**PROBLEM STATEMENT**
Transcribe the full listing word for word, leaving nothing out.

**LISTED ENTRIES**
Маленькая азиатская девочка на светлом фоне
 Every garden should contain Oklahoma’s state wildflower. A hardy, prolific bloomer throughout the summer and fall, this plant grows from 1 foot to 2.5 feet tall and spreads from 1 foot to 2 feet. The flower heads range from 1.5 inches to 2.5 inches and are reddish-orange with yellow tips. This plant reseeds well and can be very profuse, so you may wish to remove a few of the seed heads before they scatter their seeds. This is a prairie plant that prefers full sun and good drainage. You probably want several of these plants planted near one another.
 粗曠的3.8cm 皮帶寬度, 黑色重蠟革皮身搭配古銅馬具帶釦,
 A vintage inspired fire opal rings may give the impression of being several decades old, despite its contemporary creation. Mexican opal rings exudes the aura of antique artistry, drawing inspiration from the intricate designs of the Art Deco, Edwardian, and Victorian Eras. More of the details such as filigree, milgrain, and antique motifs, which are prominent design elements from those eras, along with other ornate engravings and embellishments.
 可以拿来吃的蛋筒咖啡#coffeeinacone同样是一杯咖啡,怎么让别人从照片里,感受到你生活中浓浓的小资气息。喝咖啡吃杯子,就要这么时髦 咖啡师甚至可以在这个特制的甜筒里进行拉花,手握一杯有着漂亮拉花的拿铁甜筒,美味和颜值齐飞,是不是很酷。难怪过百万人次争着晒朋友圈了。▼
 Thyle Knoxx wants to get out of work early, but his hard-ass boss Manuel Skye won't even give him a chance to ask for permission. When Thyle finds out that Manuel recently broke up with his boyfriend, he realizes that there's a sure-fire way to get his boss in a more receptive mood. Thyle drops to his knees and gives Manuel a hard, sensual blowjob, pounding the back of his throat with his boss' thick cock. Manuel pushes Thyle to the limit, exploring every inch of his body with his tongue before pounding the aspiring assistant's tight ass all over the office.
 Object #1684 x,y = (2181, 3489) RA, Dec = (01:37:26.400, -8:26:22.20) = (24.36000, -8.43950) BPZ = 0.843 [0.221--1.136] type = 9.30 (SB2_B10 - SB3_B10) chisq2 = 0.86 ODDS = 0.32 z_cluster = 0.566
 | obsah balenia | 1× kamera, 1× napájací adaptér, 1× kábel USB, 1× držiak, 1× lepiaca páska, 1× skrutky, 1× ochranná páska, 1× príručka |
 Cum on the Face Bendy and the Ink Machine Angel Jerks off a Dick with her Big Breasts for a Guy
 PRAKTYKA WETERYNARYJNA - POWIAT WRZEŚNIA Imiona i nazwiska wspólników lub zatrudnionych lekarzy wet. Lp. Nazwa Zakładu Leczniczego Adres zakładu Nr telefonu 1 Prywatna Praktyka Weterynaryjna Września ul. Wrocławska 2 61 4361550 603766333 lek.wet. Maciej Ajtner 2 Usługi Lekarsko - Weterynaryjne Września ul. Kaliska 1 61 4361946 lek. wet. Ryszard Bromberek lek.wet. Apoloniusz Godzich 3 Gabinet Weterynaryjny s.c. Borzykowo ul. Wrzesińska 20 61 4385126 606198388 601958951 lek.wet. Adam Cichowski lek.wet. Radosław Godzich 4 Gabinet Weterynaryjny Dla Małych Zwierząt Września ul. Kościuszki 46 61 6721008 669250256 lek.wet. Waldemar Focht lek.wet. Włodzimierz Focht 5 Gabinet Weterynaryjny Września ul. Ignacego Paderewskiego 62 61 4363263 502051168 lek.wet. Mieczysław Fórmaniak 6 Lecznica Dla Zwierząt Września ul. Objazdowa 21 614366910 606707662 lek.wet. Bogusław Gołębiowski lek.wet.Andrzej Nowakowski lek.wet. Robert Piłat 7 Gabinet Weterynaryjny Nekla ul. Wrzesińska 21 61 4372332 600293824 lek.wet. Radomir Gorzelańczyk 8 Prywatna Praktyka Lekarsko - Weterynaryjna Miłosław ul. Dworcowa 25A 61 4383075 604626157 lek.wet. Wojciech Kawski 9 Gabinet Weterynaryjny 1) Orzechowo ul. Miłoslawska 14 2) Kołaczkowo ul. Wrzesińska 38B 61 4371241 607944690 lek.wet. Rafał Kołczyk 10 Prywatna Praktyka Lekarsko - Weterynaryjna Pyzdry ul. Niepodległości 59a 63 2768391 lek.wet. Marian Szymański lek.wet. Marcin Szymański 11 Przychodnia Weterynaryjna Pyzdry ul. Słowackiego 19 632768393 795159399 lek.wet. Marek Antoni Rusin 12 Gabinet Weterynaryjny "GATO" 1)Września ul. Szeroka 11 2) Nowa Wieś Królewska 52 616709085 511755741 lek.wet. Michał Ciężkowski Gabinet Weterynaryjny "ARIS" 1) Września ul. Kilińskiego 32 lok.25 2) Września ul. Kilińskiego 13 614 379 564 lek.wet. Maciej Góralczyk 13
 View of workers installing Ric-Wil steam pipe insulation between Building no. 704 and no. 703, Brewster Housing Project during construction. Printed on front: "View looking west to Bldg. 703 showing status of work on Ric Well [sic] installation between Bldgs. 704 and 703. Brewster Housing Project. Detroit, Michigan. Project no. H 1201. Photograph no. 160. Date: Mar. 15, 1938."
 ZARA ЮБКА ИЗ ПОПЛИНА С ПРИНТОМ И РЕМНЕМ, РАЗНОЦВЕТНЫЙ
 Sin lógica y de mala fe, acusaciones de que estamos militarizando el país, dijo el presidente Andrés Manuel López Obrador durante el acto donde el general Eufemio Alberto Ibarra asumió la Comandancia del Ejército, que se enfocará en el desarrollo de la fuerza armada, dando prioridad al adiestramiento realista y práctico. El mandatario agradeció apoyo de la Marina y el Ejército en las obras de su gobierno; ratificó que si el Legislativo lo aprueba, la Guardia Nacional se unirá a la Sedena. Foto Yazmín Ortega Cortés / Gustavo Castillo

**EXERCISE RESULT**
Маленькая азиатская девочка на светлом фоне
 Every garden should contain Oklahoma’s state wildflower. A hardy, prolific bloomer throughout the summer and fall, this plant grows from 1 foot to 2.5 feet tall and spreads from 1 foot to 2 feet. The flower heads range from 1.5 inches to 2.5 inches and are reddish-orange with yellow tips. This plant reseeds well and can be very profuse, so you may wish to remove a few of the seed heads before they scatter their seeds. This is a prairie plant that prefers full sun and good drainage. You probably want several of these plants planted near one another.
 粗曠的3.8cm 皮帶寬度, 黑色重蠟革皮身搭配古銅馬具帶釦,
 A vintage inspired fire opal rings may give the impression of being several decades old, despite its contemporary creation. Mexican opal rings exudes the aura of antique artistry, drawing inspiration from the intricate designs of the Art Deco, Edwardian, and Victorian Eras. More of the details such as filigree, milgrain, and antique motifs, which are prominent design elements from those eras, along with other ornate engravings and embellishments.
 可以拿来吃的蛋筒咖啡#coffeeinacone同样是一杯咖啡,怎么让别人从照片里,感受到你生活中浓浓的小资气息。喝咖啡吃杯子,就要这么时髦 咖啡师甚至可以在这个特制的甜筒里进行拉花,手握一杯有着漂亮拉花的拿铁甜筒,美味和颜值齐飞,是不是很酷。难怪过百万人次争着晒朋友圈了。▼
 Thyle Knoxx wants to get out of work early, but his hard-ass boss Manuel Skye won't even give him a chance to ask for permission. When Thyle finds out that Manuel recently broke up with his boyfriend, he realizes that there's a sure-fire way to get his boss in a more receptive mood. Thyle drops to his knees and gives Manuel a hard, sensual blowjob, pounding the back of his throat with his boss' thick cock. Manuel pushes Thyle to the limit, exploring every inch of his body with his tongue before pounding the aspiring assistant's tight ass all over the office.
 Object #1684 x,y = (2181, 3489) RA, Dec = (01:37:26.400, -8:26:22.20) = (24.36000, -8.43950) BPZ = 0.843 [0.221--1.136] type = 9.30 (SB2_B10 - SB3_B10) chisq2 = 0.86 ODDS = 0.32 z_cluster = 0.566
 | obsah balenia | 1× kamera, 1× napájací adaptér, 1× kábel USB, 1× držiak, 1× lepiaca páska, 1× skrutky, 1× ochranná páska, 1× príručka |
 Cum on the Face Bendy and the Ink Machine Angel Jerks off a Dick with her Big Breasts for a Guy
 PRAKTYKA WETERYNARYJNA - POWIAT WRZEŚNIA Imiona i nazwiska wspólników lub zatrudnionych lekarzy wet. Lp. Nazwa Zakładu Leczniczego Adres zakładu Nr telefonu 1 Prywatna Praktyka Weterynaryjna Września ul. Wrocławska 2 61 4361550 603766333 lek.wet. Maciej Ajtner 2 Usługi Lekarsko - Weterynaryjne Września ul. Kaliska 1 61 4361946 lek. wet. Ryszard Bromberek lek.wet. Apoloniusz Godzich 3 Gabinet Weterynaryjny s.c. Borzykowo ul. Wrzesińska 20 61 4385126 606198388 601958951 lek.wet. Adam Cichowski lek.wet. Radosław Godzich 4 Gabinet Weterynaryjny Dla Małych Zwierząt Września ul. Kościuszki 46 61 6721008 669250256 lek.wet. Waldemar Focht lek.wet. Włodzimierz Focht 5 Gabinet Weterynaryjny Września ul. Ignacego Paderewskiego 62 61 4363263 502051168 lek.wet. Mieczysław Fórmaniak 6 Lecznica Dla Zwierząt Września ul. Objazdowa 21 614366910 606707662 lek.wet. Bogusław Gołębiowski lek.wet.Andrzej Nowakowski lek.wet. Robert Piłat 7 Gabinet Weterynaryjny Nekla ul. Wrzesińska 21 61 4372332 600293824 lek.wet. Radomir Gorzelańczyk 8 Prywatna Praktyka Lekarsko - Weterynaryjna Miłosław ul. Dworcowa 25A 61 4383075 604626157 lek.wet. Wojciech Kawski 9 Gabinet Weterynaryjny 1) Orzechowo ul. Miłoslawska 14 2) Kołaczkowo ul. Wrzesińska 38B 61 4371241 607944690 lek.wet. Rafał Kołczyk 10 Prywatna Praktyka Lekarsko - Weterynaryjna Pyzdry ul. Niepodległości 59a 63 2768391 lek.wet. Marian Szymański lek.wet. Marcin Szymański 11 Przychodnia Weterynaryjna Pyzdry ul. Słowackiego 19 632768393 795159399 lek.wet. Marek Antoni Rusin 12 Gabinet Weterynaryjny "GATO" 1)Września ul. Szeroka 11 2) Nowa Wieś Królewska 52 616709085 511755741 lek.wet. Michał Ciężkowski Gabinet Weterynaryjny "ARIS" 1) Września ul. Kilińskiego 32 lok.25 2) Września ul. Kilińskiego 13 614 379 564 lek.wet. Maciej Góralczyk 13
 View of workers installing Ric-Wil steam pipe insulation between Building no. 704 and no. 703, Brewster Housing Project during construction. Printed on front: "View looking west to Bldg. 703 showing status of work on Ric Well [sic] installation between Bldgs. 704 and 703. Brewster Housing Project. Detroit, Michigan. Project no. H 1201. Photograph no. 160. Date: Mar. 15, 1938."
 ZARA ЮБКА ИЗ ПОПЛИНА С ПРИНТОМ И РЕМНЕМ, РАЗНОЦВЕТНЫЙ
 Sin lógica y de mala fe, acusaciones de que estamos militarizando el país, dijo el presidente Andrés Manuel López Obrador durante el acto donde el general Eufemio Alberto Ibarra asumió la Comandancia del Ejército, que se enfocará en el desarrollo de la fuerza armada, dando prioridad al adiestramiento realista y práctico. El mandatario agradeció apoyo de la Marina y el Ejército en las obras de su gobierno; ratificó que si el Legislativo lo aprueba, la Guardia Nacional se unirá a la Sedena. Foto Yazmín Ortega Cortés / Gustavo Castillo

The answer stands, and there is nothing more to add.